Winograd began his career in 1979 in the telecommunications industry with the Michigan Bell company. He was responsible for propelling the success of small business customers in the Western region as the Sales Vice President for AT&T's Western Region Commercial Markets. Winograd is also responsible for the creation of the AT&T University of Sales Excellence Program. This sales program won national recognition in Peter Block's book, Stewardship (1993), as well as Stan Davis and Jim Botkin's book, The Monster Under the Bed (1994).
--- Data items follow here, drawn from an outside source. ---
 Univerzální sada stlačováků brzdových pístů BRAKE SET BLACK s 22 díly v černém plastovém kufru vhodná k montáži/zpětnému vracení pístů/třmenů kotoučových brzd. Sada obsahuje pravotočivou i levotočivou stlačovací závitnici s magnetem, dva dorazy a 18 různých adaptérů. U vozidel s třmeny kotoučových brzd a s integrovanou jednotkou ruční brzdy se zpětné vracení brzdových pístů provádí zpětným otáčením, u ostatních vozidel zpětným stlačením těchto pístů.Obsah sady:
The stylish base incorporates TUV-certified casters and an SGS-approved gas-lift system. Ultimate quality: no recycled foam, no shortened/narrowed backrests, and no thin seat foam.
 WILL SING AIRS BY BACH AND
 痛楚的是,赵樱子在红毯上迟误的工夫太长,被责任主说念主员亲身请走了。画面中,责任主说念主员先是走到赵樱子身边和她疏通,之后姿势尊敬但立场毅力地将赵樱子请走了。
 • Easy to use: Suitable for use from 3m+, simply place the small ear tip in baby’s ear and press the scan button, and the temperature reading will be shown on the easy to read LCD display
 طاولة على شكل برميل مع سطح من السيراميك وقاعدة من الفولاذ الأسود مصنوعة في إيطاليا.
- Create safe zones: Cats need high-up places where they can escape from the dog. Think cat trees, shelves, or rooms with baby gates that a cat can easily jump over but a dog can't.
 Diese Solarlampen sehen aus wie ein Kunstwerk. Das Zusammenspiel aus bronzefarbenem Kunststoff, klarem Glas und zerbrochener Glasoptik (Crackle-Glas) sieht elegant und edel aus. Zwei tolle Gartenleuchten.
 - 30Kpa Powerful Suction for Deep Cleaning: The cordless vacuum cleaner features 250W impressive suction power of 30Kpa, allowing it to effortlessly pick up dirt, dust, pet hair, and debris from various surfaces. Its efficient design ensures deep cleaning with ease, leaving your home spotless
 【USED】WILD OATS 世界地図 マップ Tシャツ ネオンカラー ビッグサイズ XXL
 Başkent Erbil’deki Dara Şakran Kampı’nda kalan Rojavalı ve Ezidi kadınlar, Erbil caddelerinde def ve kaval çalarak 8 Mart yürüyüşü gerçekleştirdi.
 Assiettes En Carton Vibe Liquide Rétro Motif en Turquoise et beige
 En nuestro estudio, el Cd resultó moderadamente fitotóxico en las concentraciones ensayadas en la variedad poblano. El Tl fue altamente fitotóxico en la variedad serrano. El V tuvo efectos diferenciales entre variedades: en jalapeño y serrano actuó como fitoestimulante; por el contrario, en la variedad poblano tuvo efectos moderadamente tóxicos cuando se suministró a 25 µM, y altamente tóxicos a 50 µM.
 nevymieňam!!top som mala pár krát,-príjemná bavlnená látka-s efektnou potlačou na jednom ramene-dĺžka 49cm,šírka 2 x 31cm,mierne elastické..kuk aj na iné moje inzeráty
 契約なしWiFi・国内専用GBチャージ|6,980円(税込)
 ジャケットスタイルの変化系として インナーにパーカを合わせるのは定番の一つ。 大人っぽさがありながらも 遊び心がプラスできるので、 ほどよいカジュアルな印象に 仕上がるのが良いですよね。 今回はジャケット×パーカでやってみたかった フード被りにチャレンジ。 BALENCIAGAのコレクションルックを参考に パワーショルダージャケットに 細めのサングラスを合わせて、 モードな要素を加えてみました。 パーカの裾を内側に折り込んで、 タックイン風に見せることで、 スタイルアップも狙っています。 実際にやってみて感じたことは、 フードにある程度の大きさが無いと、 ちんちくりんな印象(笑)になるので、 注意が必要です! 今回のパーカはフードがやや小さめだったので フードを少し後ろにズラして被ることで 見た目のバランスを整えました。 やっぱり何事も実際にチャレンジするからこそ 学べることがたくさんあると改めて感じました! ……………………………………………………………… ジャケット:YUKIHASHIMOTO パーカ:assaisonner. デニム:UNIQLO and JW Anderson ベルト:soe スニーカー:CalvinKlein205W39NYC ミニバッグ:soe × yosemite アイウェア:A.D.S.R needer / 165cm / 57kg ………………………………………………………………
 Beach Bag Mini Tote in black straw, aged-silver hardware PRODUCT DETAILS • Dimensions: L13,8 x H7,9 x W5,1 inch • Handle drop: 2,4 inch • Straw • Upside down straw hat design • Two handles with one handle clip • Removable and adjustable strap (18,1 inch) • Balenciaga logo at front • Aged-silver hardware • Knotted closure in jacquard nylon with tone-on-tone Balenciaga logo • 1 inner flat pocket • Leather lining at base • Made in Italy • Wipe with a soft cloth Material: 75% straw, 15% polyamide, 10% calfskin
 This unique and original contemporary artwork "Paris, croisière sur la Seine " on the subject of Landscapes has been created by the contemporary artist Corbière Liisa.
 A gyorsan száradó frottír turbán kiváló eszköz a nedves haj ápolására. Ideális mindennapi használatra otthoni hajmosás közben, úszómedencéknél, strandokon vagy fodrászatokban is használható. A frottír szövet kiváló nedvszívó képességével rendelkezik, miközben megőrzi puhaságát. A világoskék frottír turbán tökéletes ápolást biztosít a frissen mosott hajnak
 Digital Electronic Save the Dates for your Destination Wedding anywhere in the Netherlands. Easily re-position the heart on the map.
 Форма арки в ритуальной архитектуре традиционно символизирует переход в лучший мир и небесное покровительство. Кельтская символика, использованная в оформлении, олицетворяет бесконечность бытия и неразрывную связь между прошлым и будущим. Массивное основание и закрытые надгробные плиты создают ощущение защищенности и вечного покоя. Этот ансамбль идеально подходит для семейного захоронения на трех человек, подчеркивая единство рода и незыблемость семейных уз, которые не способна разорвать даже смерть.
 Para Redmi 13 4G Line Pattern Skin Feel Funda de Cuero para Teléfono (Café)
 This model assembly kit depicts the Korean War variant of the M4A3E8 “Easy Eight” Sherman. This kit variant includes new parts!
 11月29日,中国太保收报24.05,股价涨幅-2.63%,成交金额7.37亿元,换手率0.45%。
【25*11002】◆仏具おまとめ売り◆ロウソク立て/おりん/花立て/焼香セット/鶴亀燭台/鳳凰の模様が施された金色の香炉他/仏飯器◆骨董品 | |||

Winograd resides in Southern California.

Education
Winograd graduated from the University of Michigan with a Bachelor's Degree in Business Administration.

References

References
Fast Company. (1996).  How knowledge workers vote. Retrieved February 8, 2006, from 
http://www.fastcompany.com/magazine/05/vote.html

Living people
California Democrats
Al Gore
Ross School of Business alumni
Year of birth missing (living people)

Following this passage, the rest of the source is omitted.